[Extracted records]
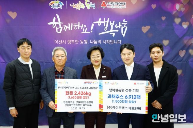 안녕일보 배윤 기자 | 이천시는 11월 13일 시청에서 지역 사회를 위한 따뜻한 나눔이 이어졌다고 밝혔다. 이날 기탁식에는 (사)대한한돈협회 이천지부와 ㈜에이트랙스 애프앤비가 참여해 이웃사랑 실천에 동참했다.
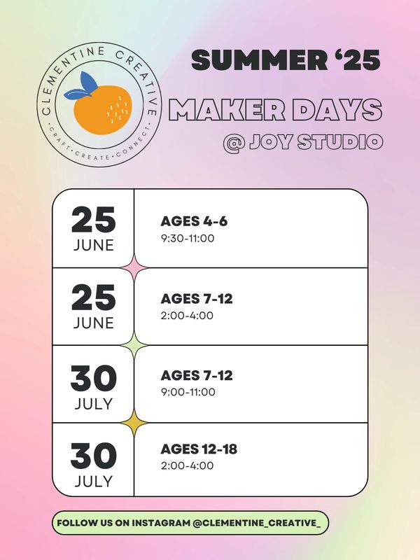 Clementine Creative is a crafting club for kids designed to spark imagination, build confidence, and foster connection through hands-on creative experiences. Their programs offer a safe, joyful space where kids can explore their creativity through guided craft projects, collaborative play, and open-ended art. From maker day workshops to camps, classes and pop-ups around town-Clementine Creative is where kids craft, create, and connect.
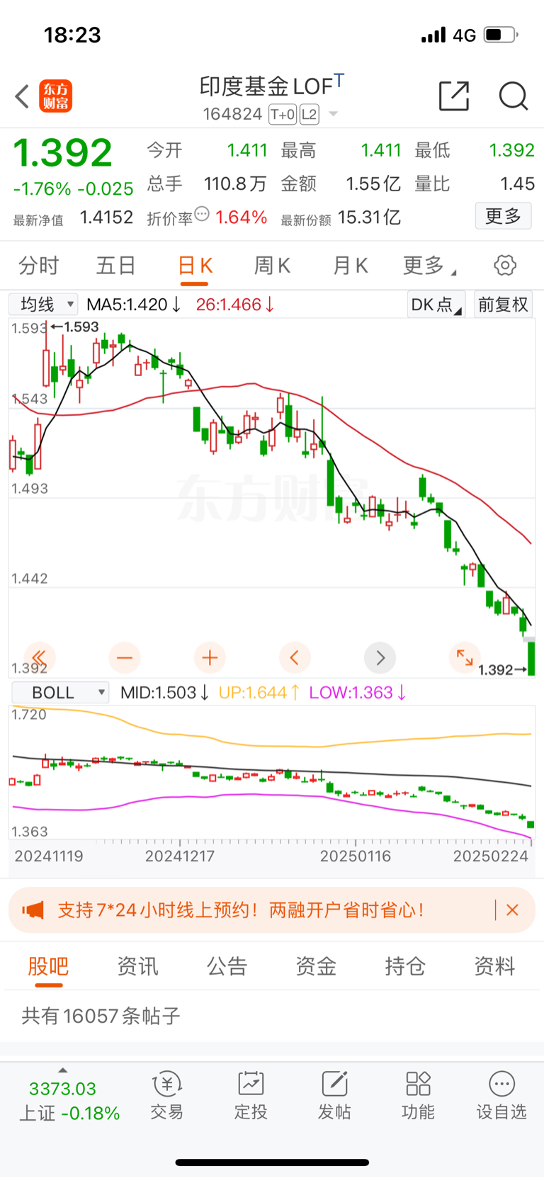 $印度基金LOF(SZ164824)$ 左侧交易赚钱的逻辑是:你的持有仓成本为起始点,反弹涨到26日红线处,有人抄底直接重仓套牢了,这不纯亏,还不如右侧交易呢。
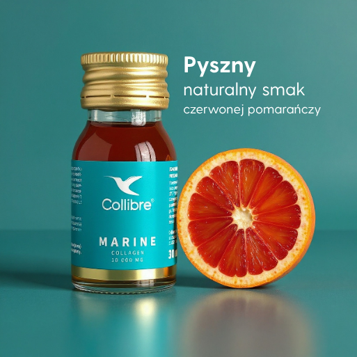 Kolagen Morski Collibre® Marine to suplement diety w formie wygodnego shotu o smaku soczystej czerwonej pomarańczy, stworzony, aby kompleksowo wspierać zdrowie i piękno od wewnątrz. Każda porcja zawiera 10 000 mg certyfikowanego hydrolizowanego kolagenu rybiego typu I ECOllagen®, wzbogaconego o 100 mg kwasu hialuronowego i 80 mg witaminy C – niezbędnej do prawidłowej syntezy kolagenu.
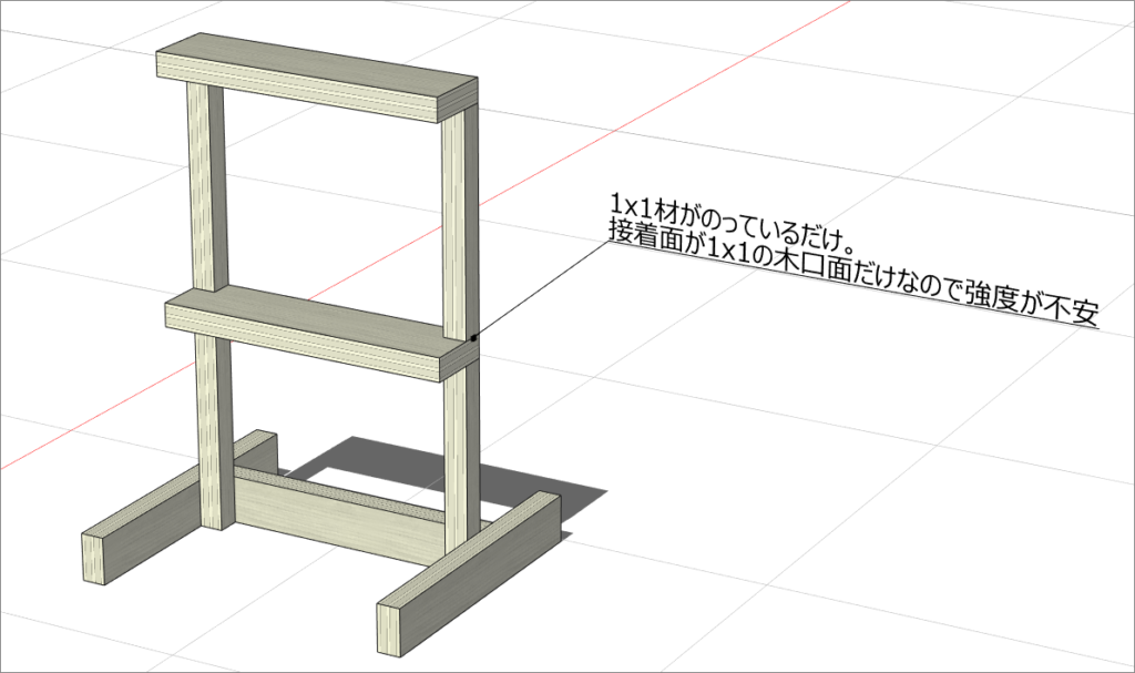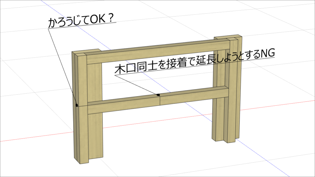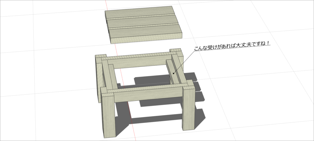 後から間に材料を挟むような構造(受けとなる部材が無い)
--
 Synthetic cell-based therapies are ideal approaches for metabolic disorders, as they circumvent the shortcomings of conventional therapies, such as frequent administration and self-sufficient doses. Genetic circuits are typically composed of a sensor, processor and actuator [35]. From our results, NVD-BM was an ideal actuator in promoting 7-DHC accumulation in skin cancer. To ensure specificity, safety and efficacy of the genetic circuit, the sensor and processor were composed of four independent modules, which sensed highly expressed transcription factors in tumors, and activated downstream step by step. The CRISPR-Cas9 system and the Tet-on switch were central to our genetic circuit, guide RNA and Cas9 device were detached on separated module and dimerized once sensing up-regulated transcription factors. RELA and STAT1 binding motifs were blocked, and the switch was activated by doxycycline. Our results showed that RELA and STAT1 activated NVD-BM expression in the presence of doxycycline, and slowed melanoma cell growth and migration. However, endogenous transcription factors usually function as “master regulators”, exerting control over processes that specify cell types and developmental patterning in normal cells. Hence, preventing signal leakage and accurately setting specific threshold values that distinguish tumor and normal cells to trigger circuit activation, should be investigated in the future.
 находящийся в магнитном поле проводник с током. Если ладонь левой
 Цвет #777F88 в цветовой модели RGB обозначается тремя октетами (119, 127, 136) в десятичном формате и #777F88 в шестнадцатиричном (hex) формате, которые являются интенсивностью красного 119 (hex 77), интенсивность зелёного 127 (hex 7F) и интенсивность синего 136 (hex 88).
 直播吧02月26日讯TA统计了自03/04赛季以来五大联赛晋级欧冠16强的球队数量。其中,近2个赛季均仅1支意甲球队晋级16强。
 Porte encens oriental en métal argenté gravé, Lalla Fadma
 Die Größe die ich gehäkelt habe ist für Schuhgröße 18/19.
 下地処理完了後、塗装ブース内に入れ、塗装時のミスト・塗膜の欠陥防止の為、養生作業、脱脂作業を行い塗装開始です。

### ACTION ITEM
Using the entries above, give back exactly the line containing "Porte encens oriental", the line containing "下地処理完了後、塗装ブース内", and every line between them, and nothing else.

### OUTPUT OF THE TASK
 Porte encens oriental en métal argenté gravé, Lalla Fadma
 Die Größe die ich gehäkelt habe ist für Schuhgröße 18/19.
 下地処理完了後、塗装ブース内に入れ、塗装時のミスト・塗膜の欠陥防止の為、養生作業、脱脂作業を行い塗装開始です。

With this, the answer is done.